Restore a Rerank Model

Add the rerank model configuration in your config.json file, then you'll be able to select it again.

Data Retention After Expiration

On the free plan, Knowledge Base data is cleared after 30 days of inactivity (no login). Apps are not affected. Paid plans automatically downgrade to the free plan upon expiration.

Too Many Results Interrupt Answers

FastGPT calculates the maximum response length as:

Max Response = min(Configured Max Response, Max Context Window - History)
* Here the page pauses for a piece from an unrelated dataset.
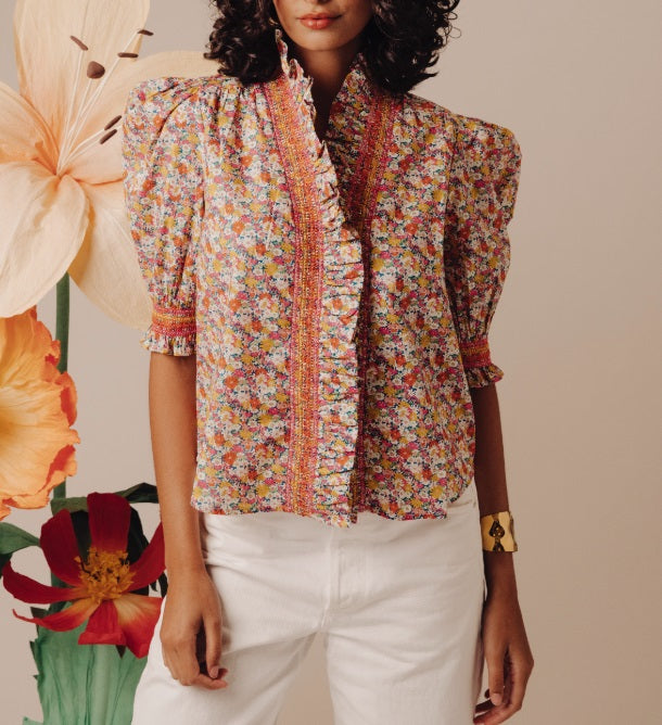 Love The Label Liberty Fabric Short Sleeve Zuri Top - Libby Print
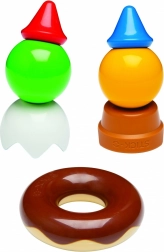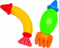Pezzi colorati, personaggini e strumenti sostengono la fantasia, lo sviluppo della presa e la coordinazione occhio–mano in ogni gioco.

For example, with an 18K context model, input + output share the same window. As output grows, available input shrinks.

To fix this:

  1. Check your configured max response (response limit) setting.
  2. Reduce input to free up space for output — specifically, reduce the number of chat history turns included in the workflow.

Where to find the max response setting:

For self-hosted deployments, you can reserve headroom when configuring model context limits. For example, set a 128K model to 120K — the remaining space will be allocated to output.

Chat History Context Limits

FastGPT calculates the maximum response length as:

Max Response = min(Configured Max Response, Max Context Window - History)

For example, with an 18K context model, input + output share the same window. As output grows, available input shrinks.

To fix this:

  1. Check your configured max response (response limit) setting.
  2. Reduce input to free up space for output — specifically, reduce the number of chat history turns included in the workflow.

Where to find the max response setting:

For self-hosted deployments, you can reserve headroom when configuring model context limits. For example, set a 128K model to 120K — the remaining space will be allocated to output.